Homework: https://work.caltech.edu/homework/final.pdf

✔ and ✘ Answers:

  1. e (65) ✔
  2. d (average of logistic regressions is not necessarily a logistic regression) ✔
  3. d ✔
  4. d ✔
  5. a ✔
  6. b ✔

  7. d ✔

  8. b ✔
  9. e ✔
  10. a ✔

  11. c (x = 0.5 separates maximally) ✔

  12. c ✔

  13. a ✔

  14. e ✔
  15. d ✔
  16. d ✔
  17. c ✔
  18. a ✔

  19. b (linearly increases) ✔

  20. d --> c (is average, no better no worse) ✘

19/20 = 95% correct

Answer key: https://work.caltech.edu/homework/final_sol.pdf


In [1]:
import pandas as pd
import numpy as np
import matplotlib.pyplot as plt
%matplotlib inline
from IPython.display import display

In [2]:
# Questions 7 through 10
train = pd.read_fwf('http://www.amlbook.com/data/zip/features.train', header=None, 
                    names=['digit', 'intensity', 'symmetry'])
test = pd.read_fwf('http://www.amlbook.com/data/zip/features.test', header=None, 
                   names=['digit', 'intensity', 'symmetry'])

In [3]:
def add_bias(x):
    '''Return (1, x1, x2)'''
    x1 = x.iloc[:, 0]
    x2 = x.iloc[:, 1]
    
    z = x.copy()
    z.insert(0, 'bias', np.ones(len(x)))
    return z

def non_linear_transform(x):
    '''Return (1, x1, x2, x1x2, x1^2, x2^2)'''
    x1 = x.iloc[:, 0]
    x2 = x.iloc[:, 1]
    
    z = x.copy()
    z.insert(0, 'bias', np.ones(len(x)))
    z.loc[:, 3] = x1 * x2
    z.loc[:, 4] = x1 ** 2
    z.loc[:, 5] = x2 ** 2
    return z

from numpy.linalg import inv
def linear_regression_with_regularization(Z, y, lambda_reg):
    Z_T_Z = np.dot(Z.T, Z)
    Z_T_Z_reg = Z_T_Z + (lambda_reg * np.identity(np.size(Z_T_Z, 0)))
    Z_T_Z_reg_inverse = inv(Z_T_Z_reg)
    Z_dagger = np.dot(Z_T_Z_reg_inverse, Z.T)
    weights = np.dot(Z_dagger, y)    
    return weights

from functools import partial
def ova_transform(df, num):
    df_copy = df.copy()
    df_copy.digit = df_copy.digit.map(lambda x: 1 if x == num else -1)
    return df_copy

def ovo_transform(df, num, num2):
    df_copy = df.loc[df.digit.isin([num, num2])].copy()
    df_copy.digit = df_copy.digit.map(lambda x: 1 if x == num else -1)
    return df_copy

def error(W, X, y):
    misclassified = np.sign(np.dot(X, W)) != y
    return 1.0 * misclassified.sum()/len(misclassified)

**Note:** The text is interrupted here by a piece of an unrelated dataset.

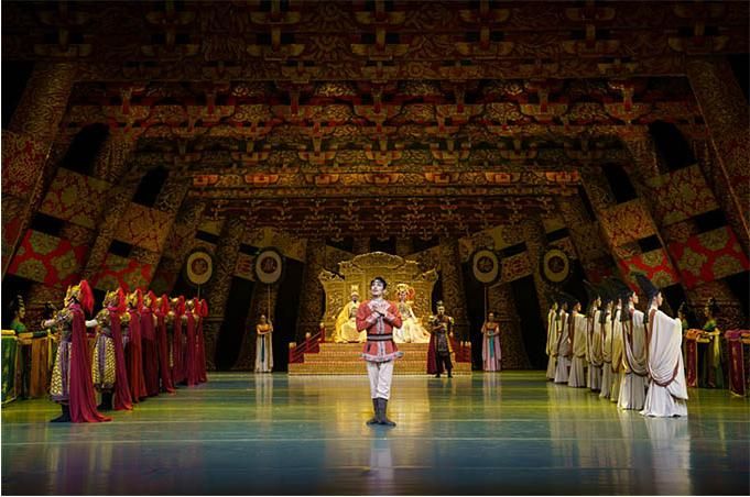 “大家可以看到,在這部舞劇中既有非常濃郁的盛唐風(fēng)格,也有非常鮮明的西域文化特點(diǎn)。”舞劇《傳絲公主》總導(dǎo)演左青表示。舞臺(tái)上的每一幕都有情景定位、情節(jié)助推、情感渲染、情調(diào)濡潤(rùn),兼具依托文本結(jié)構(gòu)的真情訴說和舞蹈本體的詩(shī)意表達(dá),構(gòu)建起舞劇的整體形式感。

def process(train, test, ovo_or_ova_transform, predict_digit, transform, lambda_reg):
    train = ovo_or_ova_transform(train, predict_digit)
    test = ovo_or_ova_transform(test, predict_digit)

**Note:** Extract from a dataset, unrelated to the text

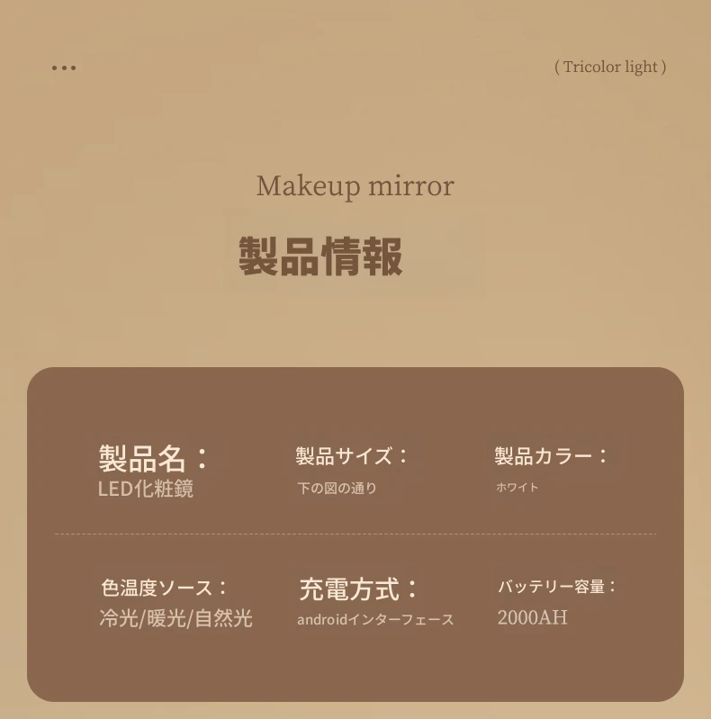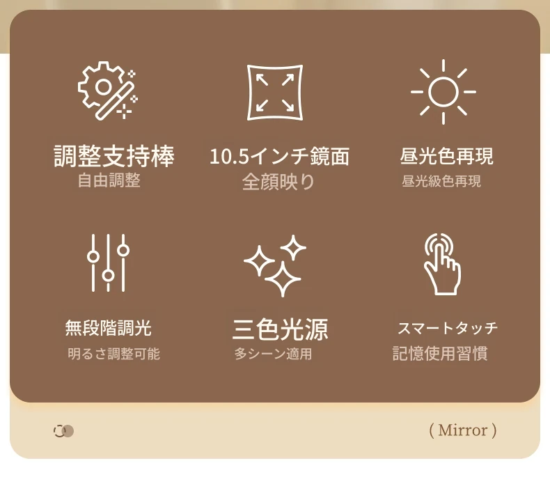 【メイン画像商品】折りたたみ四角大サイズ-三色ホワイト【9.6インチミラー/2000HA】
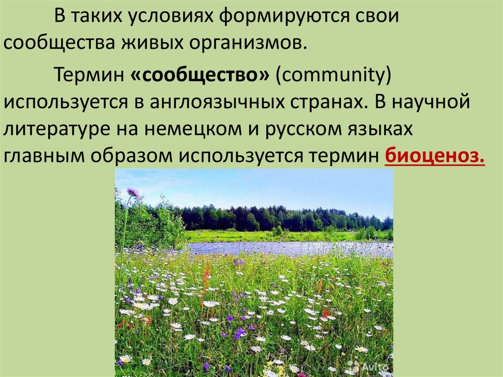 • Сложившийся комплекс живых организмов,характерный для данных конкретных условий,

    train_x = train.iloc[:, 1:]
    train_y = train.iloc[:, 0]
    train_z = transform(train_x)
    
    test_x = test.iloc[:, 1:]
    test_y = test.iloc[:, 0]
    test_z = transform(test_x)
    
    weights = linear_regression_with_regularization(train_z, train_y, lambda_reg)
    E_in = error(weights, train_z, train_y)
    E_out = error(weights, test_z, test_y)
    print "Digit: {}, Lambda: {}, Transform: {}, E_in: {}, E_out: {}".format(
        predict_digit, lambda_reg, transform.__name__, E_in, E_out)

In [4]:
for num in [5, 6, 7, 8, 9]:
    process(train, test, ovo_or_ova_transform=ova_transform, predict_digit=num, transform=add_bias, lambda_reg=1)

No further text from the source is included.